Dataset entries
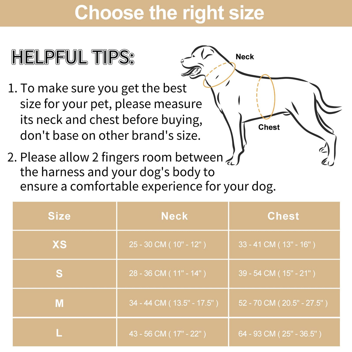 Comfortable and cushioned:The harness is made of Special scuba knitting fabric,soft and comfortable to touch, wrinkle free, good elasticity, with strong water and sweat absorption, to give your pet better experience. Adjustable premium quality nylon webbing:You can adjust the length of the webbing to fit the size of your pet. 3 Leash Attachment Points:2 on the back, and 1 on the chest,you can also hold dog ID tags and waste bags,Provides you with max flexibility and control,for your pet Outdoor Walking, Hiking and Traveling. Simple to Secure:This pet harness is easy to wear with 2 plastic quick release buckles,for the convenience of putting on or taking off. To make sure you get the best size for your pet, please measure his neck before choosing a size and then check the size chart.
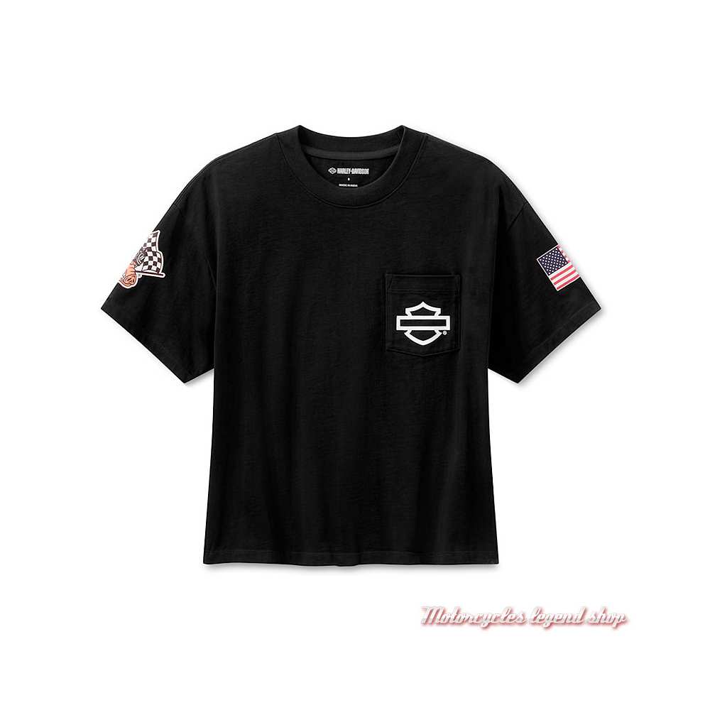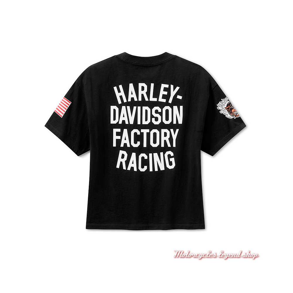 Coupe courte et oversize. Manches courtes, 100 % jersey coton, Col rond côtelé. Poche de poitrine gauche. Graphisme Bar & Shield® Silhouette sur la poche. Drapeau USA sur la manche gauche. Graphisme cochon compétition, en référence aux courses de 1900, sur la manche droite. Graphisme Harley-Davidson® Factory Racing imprimé dans le dos.
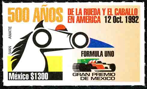 No. Scott: 1722 -- Año de Emisión: 1992 -- Valor facial: Mil Trescientos Pesos -- Variedad de color: Multicolor -- Perforación: 6 1/2 -- Tipo de impresión: Offset Timbre Postal Mexicano multicolor, en la imagen se observa la figura de un caballo, cuyos ojos están representados por dos ruedas grandes, al final de la cara aparece un triángulo en color azul, sobre la estampilla está escrito "500 AÑOS DE LA RUEDA Y EL CABALLO EN AMÉRICA", "MEXICO" y el valor facial de "$1300". Para más información favor de dirigirse a biblioteca@mufi.org.mx
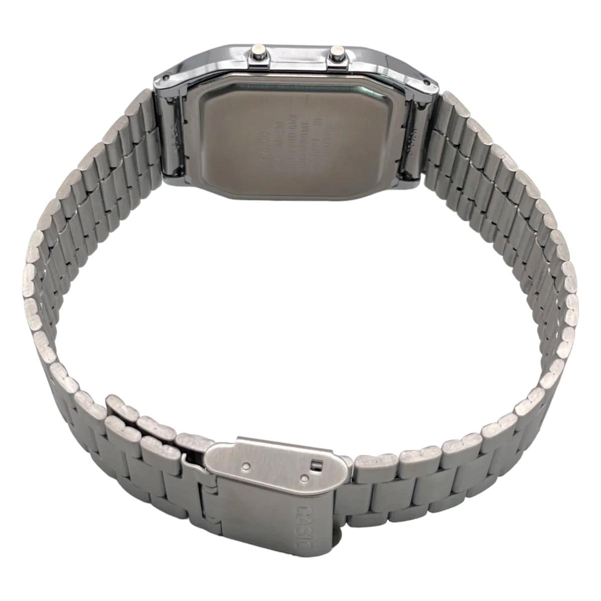 ساعت مچی مردانه کاسیو casio با طراحی اسپرت بند استیل با قاب مستطیلی نقره ای و صفحه مستطیل آبی با نمایشگر دیجیتالی عقربه ای و قابلیت داشتن نور پشت صفحه /روز و شب /زنگ هشدار/کرنوگراف/ تقویم / روزهای هفته/دوزمانه و موتور ژاپنی با انرژی باتری و مقاوم در برابر آب تا عمق 30 متر به همراه گارانتی بین المللی
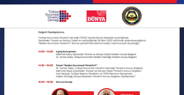 Derneğimizin Dünya Gazetesi iş birliğinde Diyarbakır Ticaret ve Sanayi Odası ev sahipliğinde 26 Ekim 2022 tarihinde düzenleyeceğimiz “Neden Kurumsal Yönetim?” Paneli düzenliyoruz.
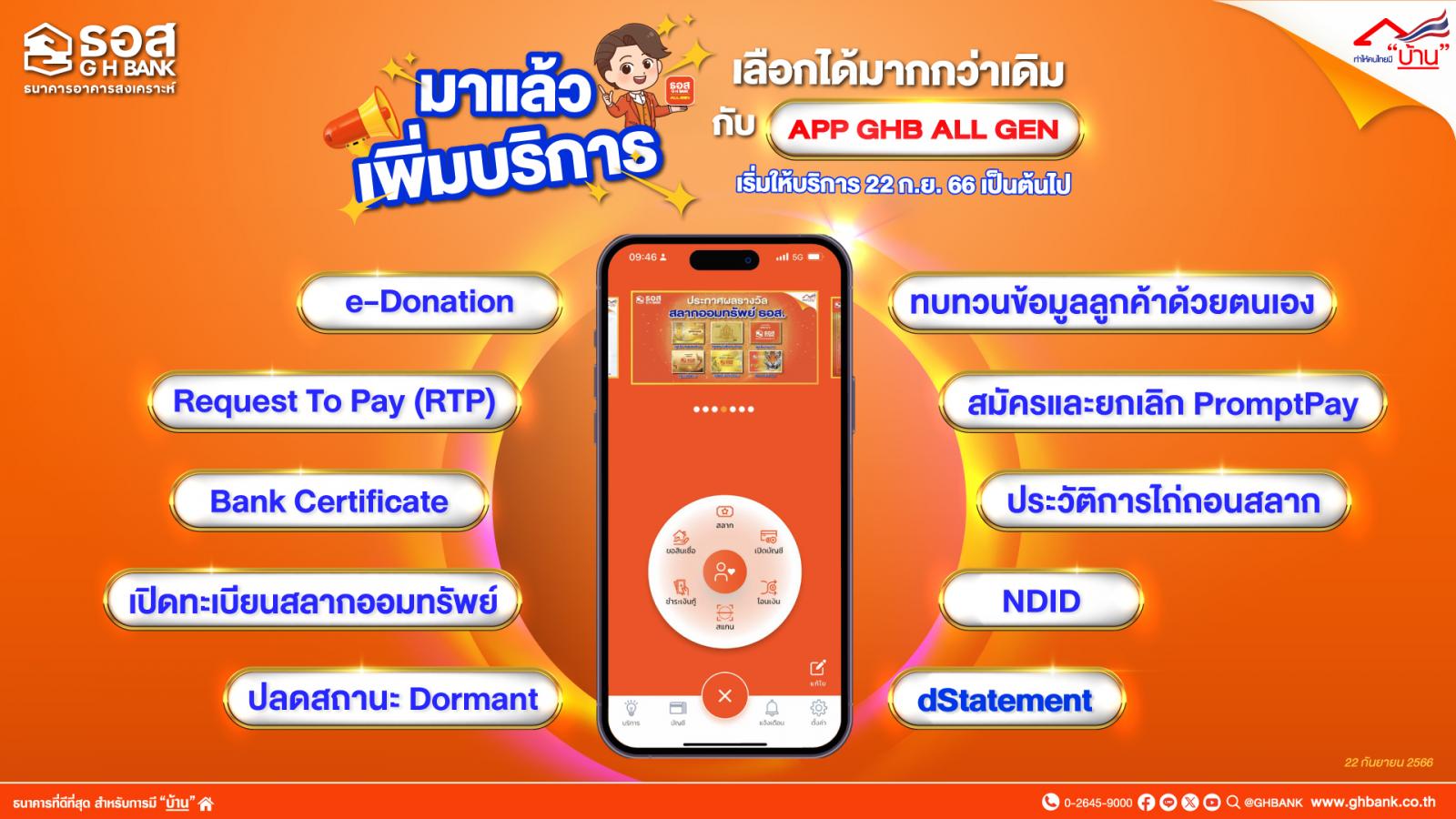ธนาคารอาคารสงเคราะห์ (ธอส.) พัฒนาการให้บริการด้านดิจิทัล เพื่ออำนวยความสะดวกในการใช้บริการของลูกค้ามากยิ่งขึ้น ด้วยการเพิ่มฟังก์ชันการให้บริการผ่าน Application : GHB ALL GEN ในเฟสที่ 3 จำนวน 10 ฟังก์ชัน ประกอบด้วย 1. e-Donation บริการสแกน QR e-Donation หรือเลือกรูปภาพ QR ที่บันทึกไว้ เพื่อโอนเงินบริจาคให้กับสถานศึกษา ศาสนสถาน โรงพยาบาล และองค์กรสาธารณสุขอื่น ๆ 2. Request To Pay (RTP) บริการตั้งเตือนการชำระเงินกู้บนระบบพร้อมเพย์ ไปยังธนาคารต่าง ๆ 3. Bank Certificate บริการขอหนังสือรับรองฐานะทางการเงินผ่านแอปพลิเคชัน เพื่อขอวีซ่าหรือศึกษาต่อต่างประเทศ 4.เปิดทะเบียนสลากออมทรัพย์ สำหรับลูกค้าที่ไม่เคยมีทะเบียนสลากออมทรัพย์ ธอส. มาก่อน 5. ปลดสถานะ (Dormant) บริการปลดสถานะบัญชีที่ไม่เคลื่อนไหว เป็นบัญชีสถานะปกติ (Active) 6. ทบทวนข้อมูลลูกค้าด้วยตนเอง แสดงข้อมูลการแสดงตนก่อนการสร้างความสัมพันธ์หรือทำธุรกรรมกับธนาคาร 7. สมัครและยกเลิก Promptpay เปิดให้บริการสมัครและยกเลิก PromptPay เพื่อให้บริการ รับ-โอนเงินระหว่างธนาคารโดยไม่ต้องใช้เลขที่บัญชีธนาคาร 8. ประวัติการไถ่ถอนสลาก บริการแสดงประวัติรายการไถ่ถอนสลากออมทรัพย์ 9. NDID บริการขอใช้ข้อมูลเพื่อทำธุรกรรมทางการเงินกับธนาคารอื่นด้วยภาพถ่ายใบหน้าในรูปแบบดิจิทัล และ 10. dStatement บริการรับส่งข้อมูลรายการเคลื่อนไหวบัญชีเงินฝาก (Bank Statement) ในรูปแบบดิจิทัลระหว่างสถาบันการเงิน ทั้งนี้ ลูกค้าสามารถสัมผัสบริการใหม่ ๆ ของ ธอส. ได้ตั้งแต่วันที่ 22 กันยายน 2566 เป็นต้นไป สอบถามรายละเอียดเพิ่มเติมได้ที่ธอส. ทุกสาขาทั่วประเทศ G H Bank Call Center โทร 0-2645-9000 หรือ Facebook Fanpage ธนาคารอาคารสงเคราะห์ และติดตามข่าวสารของธนาคาร ได้ที่ Mobile Application : GHB ALL GEN และ www.ghbank.co.th

**What you will do**. All of the lines above must be printed again exactly, and no picture may appear in the copy.

**Answer space**.
 Comfortable and cushioned:The harness is made of Special scuba knitting fabric,soft and comfortable to touch, wrinkle free, good elasticity, with strong water and sweat absorption, to give your pet better experience. Adjustable premium quality nylon webbing:You can adjust the length of the webbing to fit the size of your pet. 3 Leash Attachment Points:2 on the back, and 1 on the chest,you can also hold dog ID tags and waste bags,Provides you with max flexibility and control,for your pet Outdoor Walking, Hiking and Traveling. Simple to Secure:This pet harness is easy to wear with 2 plastic quick release buckles,for the convenience of putting on or taking off. To make sure you get the best size for your pet, please measure his neck before choosing a size and then check the size chart.
 Coupe courte et oversize. Manches courtes, 100 % jersey coton, Col rond côtelé. Poche de poitrine gauche. Graphisme Bar & Shield® Silhouette sur la poche. Drapeau USA sur la manche gauche. Graphisme cochon compétition, en référence aux courses de 1900, sur la manche droite. Graphisme Harley-Davidson® Factory Racing imprimé dans le dos.
 No. Scott: 1722 -- Año de Emisión: 1992 -- Valor facial: Mil Trescientos Pesos -- Variedad de color: Multicolor -- Perforación: 6 1/2 -- Tipo de impresión: Offset Timbre Postal Mexicano multicolor, en la imagen se observa la figura de un caballo, cuyos ojos están representados por dos ruedas grandes, al final de la cara aparece un triángulo en color azul, sobre la estampilla está escrito "500 AÑOS DE LA RUEDA Y EL CABALLO EN AMÉRICA", "MEXICO" y el valor facial de "$1300". Para más información favor de dirigirse a biblioteca@mufi.org.mx
 ساعت مچی مردانه کاسیو casio با طراحی اسپرت بند استیل با قاب مستطیلی نقره ای و صفحه مستطیل آبی با نمایشگر دیجیتالی عقربه ای و قابلیت داشتن نور پشت صفحه /روز و شب /زنگ هشدار/کرنوگراف/ تقویم / روزهای هفته/دوزمانه و موتور ژاپنی با انرژی باتری و مقاوم در برابر آب تا عمق 30 متر به همراه گارانتی بین المللی
 Derneğimizin Dünya Gazetesi iş birliğinde Diyarbakır Ticaret ve Sanayi Odası ev sahipliğinde 26 Ekim 2022 tarihinde düzenleyeceğimiz “Neden Kurumsal Yönetim?” Paneli düzenliyoruz.
ธนาคารอาคารสงเคราะห์ (ธอส.) พัฒนาการให้บริการด้านดิจิทัล เพื่ออำนวยความสะดวกในการใช้บริการของลูกค้ามากยิ่งขึ้น ด้วยการเพิ่มฟังก์ชันการให้บริการผ่าน Application : GHB ALL GEN ในเฟสที่ 3 จำนวน 10 ฟังก์ชัน ประกอบด้วย 1. e-Donation บริการสแกน QR e-Donation หรือเลือกรูปภาพ QR ที่บันทึกไว้ เพื่อโอนเงินบริจาคให้กับสถานศึกษา ศาสนสถาน โรงพยาบาล และองค์กรสาธารณสุขอื่น ๆ 2. Request To Pay (RTP) บริการตั้งเตือนการชำระเงินกู้บนระบบพร้อมเพย์ ไปยังธนาคารต่าง ๆ 3. Bank Certificate บริการขอหนังสือรับรองฐานะทางการเงินผ่านแอปพลิเคชัน เพื่อขอวีซ่าหรือศึกษาต่อต่างประเทศ 4.เปิดทะเบียนสลากออมทรัพย์ สำหรับลูกค้าที่ไม่เคยมีทะเบียนสลากออมทรัพย์ ธอส. มาก่อน 5. ปลดสถานะ (Dormant) บริการปลดสถานะบัญชีที่ไม่เคลื่อนไหว เป็นบัญชีสถานะปกติ (Active) 6. ทบทวนข้อมูลลูกค้าด้วยตนเอง แสดงข้อมูลการแสดงตนก่อนการสร้างความสัมพันธ์หรือทำธุรกรรมกับธนาคาร 7. สมัครและยกเลิก Promptpay เปิดให้บริการสมัครและยกเลิก PromptPay เพื่อให้บริการ รับ-โอนเงินระหว่างธนาคารโดยไม่ต้องใช้เลขที่บัญชีธนาคาร 8. ประวัติการไถ่ถอนสลาก บริการแสดงประวัติรายการไถ่ถอนสลากออมทรัพย์ 9. NDID บริการขอใช้ข้อมูลเพื่อทำธุรกรรมทางการเงินกับธนาคารอื่นด้วยภาพถ่ายใบหน้าในรูปแบบดิจิทัล และ 10. dStatement บริการรับส่งข้อมูลรายการเคลื่อนไหวบัญชีเงินฝาก (Bank Statement) ในรูปแบบดิจิทัลระหว่างสถาบันการเงิน ทั้งนี้ ลูกค้าสามารถสัมผัสบริการใหม่ ๆ ของ ธอส. ได้ตั้งแต่วันที่ 22 กันยายน 2566 เป็นต้นไป สอบถามรายละเอียดเพิ่มเติมได้ที่ธอส. ทุกสาขาทั่วประเทศ G H Bank Call Center โทร 0-2645-9000 หรือ Facebook Fanpage ธนาคารอาคารสงเคราะห์ และติดตามข่าวสารของธนาคาร ได้ที่ Mobile Application : GHB ALL GEN และ www.ghbank.co.th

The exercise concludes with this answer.